When doing requests with CURL, redirects are not followed by default.
<?php
$curl = curl_init('http://example.org/someredirect');
curl_setopt($curl, CURLOPT_POSTFIELDS, "foo");
curl_setopt($curl, CURLOPT_POST, true);
curl_exec($curl);
?>
Assuming the given url actually redirects like this:
HTTP/1.1 301 Moved Permanently
Location: /newendpoint
Curl will automatically just stop. To make it follow redirects, the FOLLOWLOCATION setting is needed, as such:
<?php
$curl = curl_init('http://example.org/someredirect');
curl_setopt($curl, CURLOPT_POSTFIELDS, "foo");
curl_setopt($curl, CURLOPT_FOLLOWLOCATION, true);
curl_setopt($curl, CURLOPT_POST, true);
curl_exec($curl);
?>
CURLOPT_FOLLOWLOCATION will follow the redirects up to 5 times (by default).
However, if you look at the second request, it actually does a GET request after the POST.
GET /newendpoint HTTP/1.1
This is also the default behavior for browsers, but actually non-conforming with the HTTP standard, and also not desirable for consumers of web services.
To fix this, all you have to do is use CURLOPT_CUSTOMREQUEST instead of CURLOPT_POST:
<?php
$curl = curl_init('http://example.org/someredirect');
curl_setopt($curl, CURLOPT_POSTFIELDS, "foo");
curl_setopt($curl, CURLOPT_FOLLOWLOCATION, true);
curl_setopt($curl, CURLOPT_CUSTOMREQUEST, "POST");
curl_exec($curl);
?>
Streams
After doing this, the secondary request will be a POST request as well. There’s one more issue though, if you were doing a POST or a PUT request you probably had a request body attached.
There’s two ways to supply a request body, as a string or as a stream. If we were uploading a file it makes much more sense to use a stream, because it unlike posting a string, a stream doesn’t have to be kept in memory.
To upload a stream with curl, you need CURLOPT_PUT and CURLOPT_INFILE. Don’t let the nameCURLOPT_PUT fool you, it’s use for every request, and without CURLOPT_PUT, CURLOPT_INFILE is ignored.
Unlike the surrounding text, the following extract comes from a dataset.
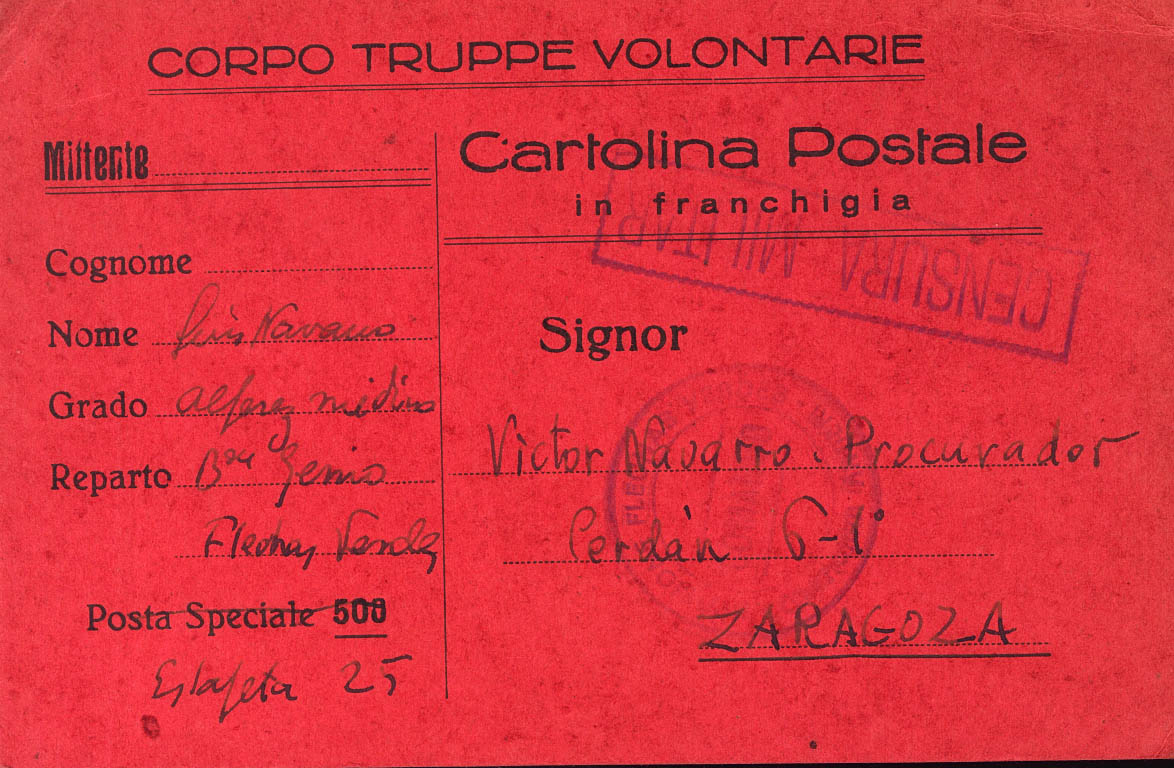 1939. Postcard of the Posta Speciale 500 from "the front" to ZARAGOZA. Mark DIVISIONE FLECHAS VERDES / COMMAND / COMPAGNIA ARTIERI. MAGNIFICENT.

For example, this is how we could upload a large file using POST.
<?php
$curl = curl_init('http://example.org/someredirect');
curl_setopt($curl, CURLOPT_FOLLOWLOCATION, true);
curl_setopt($curl, CURLOPT_PUT, true);
curl_setopt($curl, CURLOPT_CUSTOMREQUEST, "POST");
curl_setopt($curl, CURLOPT_INFILE, fopen('largefile.json', 'r'));
curl_exec($curl);
?>
This will work great, unless the target location redirects. If it does, curl will throw the following error:
Necessary data rewind wasn't possible (code #65)
This seems to be related to PHP bug #47204.
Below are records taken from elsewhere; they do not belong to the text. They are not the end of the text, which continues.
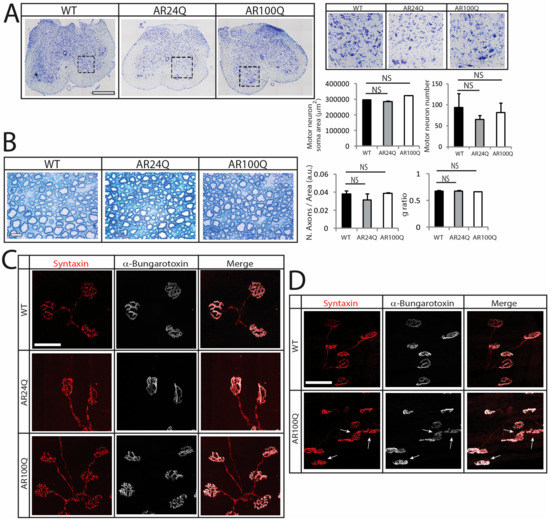 To determine whether alterations of motor function in AR100Q result from abnormalities in the motor unit, we analyzed MN number and soma area, axon, neuromuscular junction (NMJ) and skeletal muscle pathology.
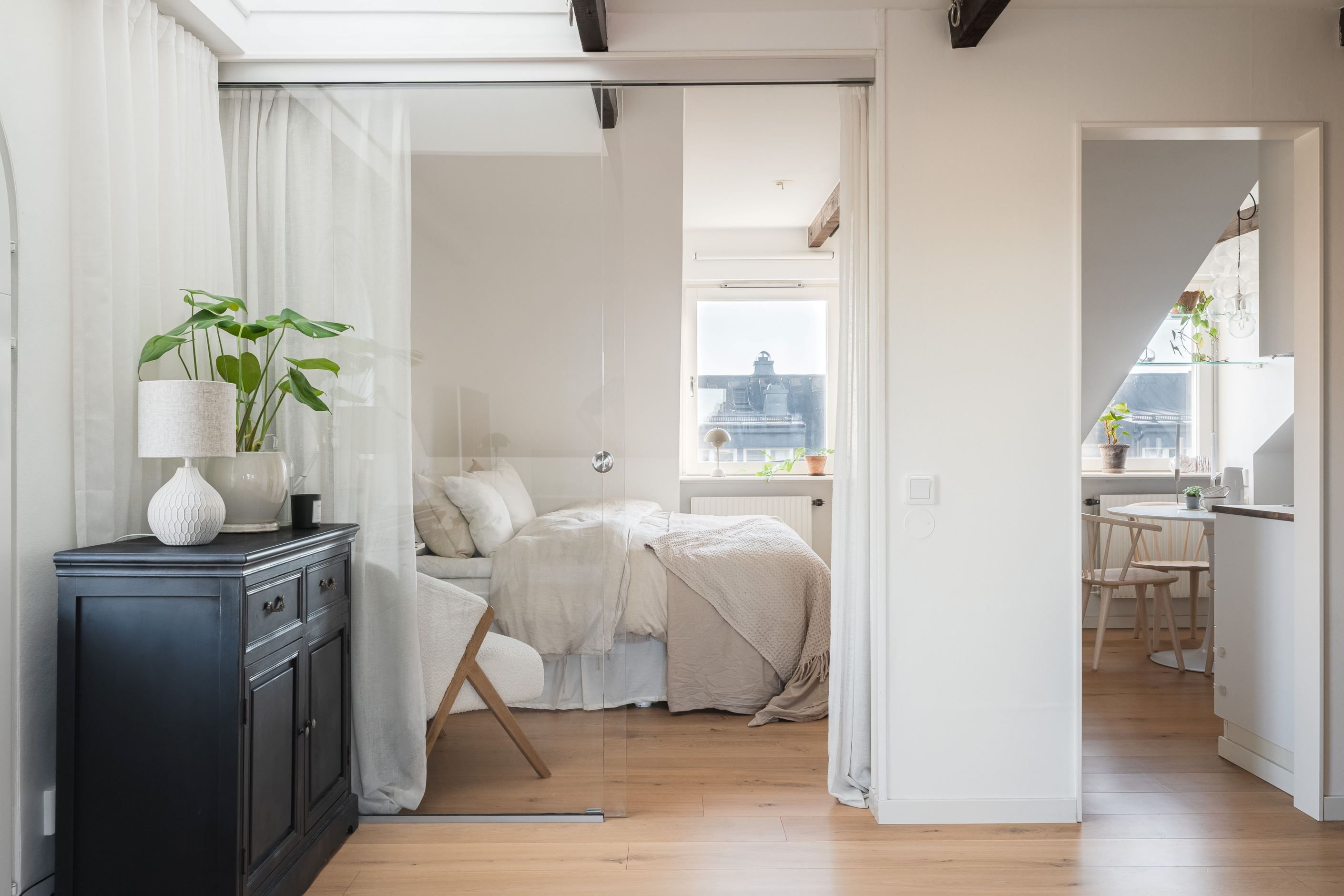 I anslutning till vardagsrummet når man det mysiga sovrummet bakom en läcker glasvägg. Här finns plats för dubbelsäng och sängbord.
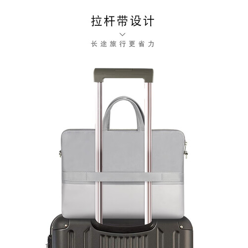 气囊隔层设计,细致实用,有效防震防摔保护电脑安全。拉杆袋设计,样式简单别致,外出使用方便,省心省力。

Basically this means that you cannot use CURLOPT_INFILE and CURLOPT_FOLLOWLOCATION together. There’s two alternatives:
- Don’t use
CURLOPT_INFILE, but send the request body as a string instead, withCURLOPT_POSTFIELDS. - Don’t use
CURLOPT_FOLLOWLOCATION, but instead manually check if the response was a 3xx redirect and manually follow each hop.
Strings
Using CURLOPT_POSTFIELDS you can supply a request body as a string. Lets try to upload our earlier failed request using that method:
<?php
$curl = curl_init('http://example.org/someredirect');
curl_setopt($curl, CURLOPT_FOLLOWLOCATION, true);
curl_setopt($curl, CURLOPT_CUSTOMREQUEST, "POST");
curl_setopt($curl, CURLOPT_POSTFIELDS, file_get_contents('largefile.json'));
curl_exec($curl);
?>
This also will not work exactly as you expect. While the second request to /someredirect will still be a POST request, it will be sent with an empty request body.
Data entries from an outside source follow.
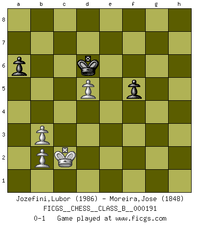 Last move : 0-1 2014 January 10 9:26:33 [Event "FICGS__CHESS__CLASS_B__000191"] [Site "FICGS"] [Date "2013.06.24"] [Round "1"] [White "Jozefini,Lubor"] [Black "Moreira,Jose"] [Result "0-1"] [WhiteElo "1986"] [BlackElo "1848"] 1.e4 c5 2.Nf3 d6 3.d4 cxd4 4.Nxd4 Nf6 5.Nc3 g6 6.Be3 Bg7 7.f3 Nc6 8.Qd2 O-O 9.Bc4 Qc7 10.Bb3 a6 11.h4 h5 12.O-O-O Na5 13.Bg5 Nxb3+ 14.axb3 Qd8 15.Bh6 Bd7 16.Bxg7 Kxg7 17.Qg5 Rc8 18.e5 dxe5 19.Qxe5 Re8 20.Rhe1 Kg8 21.Qg5 Qc7 22.Re5 Kg7 23.g4 hxg4 24.h5 Rh8 25.Rh1 Rxh5 26.Rxh5 Nxh5 27.Rxe7 Qd6 28.fxg4 Nf6 29.Rxd7 Qxd7 30.Nf5+ Kg8 31.Qxf6 gxf5 32.Qg5+ Kf8 33.gxf5 Rc6 34.Kb1 Qd4 35.Qg3 Rh6 36.Qb8+ Kg7 37.Qxb7 Qg4 38.Qe4 Qxe4 39.Nxe4 Rh5 40.Nd6 Rh1+ 41.Ka2 Rd1 42.Ne8+ Kf8 43.Nf6 Rf1 44.Nd5 Rxf5 45.c4 Rxd5 46.cxd5 f5 47.Kb1 Ke7 48.Kc2 Kd6 0-1 Sicilian : Dragon, Yugoslav attack Kingside Castling by player Black (move 8) Queenside Castling by player White (move 12) 10 pieces endgame at move 39 : White KNPPPP , Black KRPP WHITE : King + 1 Knight 4 Pawns BLACK : King + 1 Rook 2 Pawns 9 pieces endgame at move 44 : White KNPPP , Black KRPP WHITE : King + 1 Knight 3 Pawns BLACK : King + 1 Rook 2 Pawns 8 pieces endgame at move 45 : White KPPP , Black KRPP WHITE : King + 3 Pawns BLACK : King + 1 Rook 2 Pawns 7 pieces endgame at move 46 : White KPPP , Black KPP WHITE : King + 3 Pawns BLACK : King + 2 Pawns Player Black won this chess game. Follow this game move after move (download)Chess is a fighting game which is purely intellectual and includes chance. (Richard Reti) Das Spiel gibt uns die Genugtuung, die das Leben uns versagt. (Emanuel Lasker) El Ajedrez es un terrible juego. Si no controlas el centro, tu oponente tiene una posición mas holgada. Si tienes control del centro, ¡entonces realmente tu tienes algo de que preocuparte!. (Siegbert Tarrasch) L'ordinateur a tué l'originalité. Il n'y a plus guère d'aventures sur l'échiquier. (Jacob Murray) In every real man a child is hidden that wants to play. (Friedrich Nietzsche)
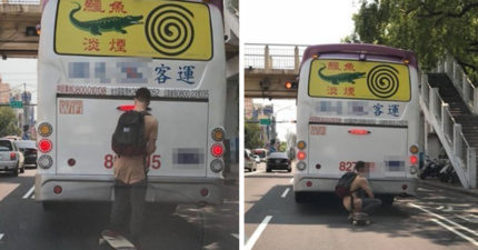 洋男玩命「踩滑板拉公車滑行1.5公里」穿梭車陣,被抓到恐GG…網友譏:節能減碳你我做起!(影片)
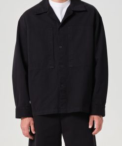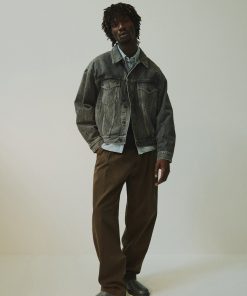 Worn-in washed black denim with a pointed collar and zipper front closure.

To fix this, use the undocumented CURLOPT_POSTREDIR option.
<?php
$curl = curl_init('http://example.org/someredirect');
curl_setopt($curl, CURLOPT_FOLLOWLOCATION, true);
curl_setopt($curl, CURLOPT_CUSTOMREQUEST, "POST");
curl_setopt($curl, CURLOPT_POSTFIELDS, file_get_contents('largefile.json'));
curl_setopt($curl, CURLOPT_POSTREDIR, 3);
curl_exec($curl);
?>
According to the PHP changelog, this was added in PHP 5.3.2, and according to PHP bug #49571there are four possible values:
0 -> do not set any behavior
1 -> follow redirect with the same type of request only for 301 redirects.
2 -> follow redirect with the same type of request only for 302 redirects.
3 -> follow redirect with the same type of request both for 301 and 302 redirects.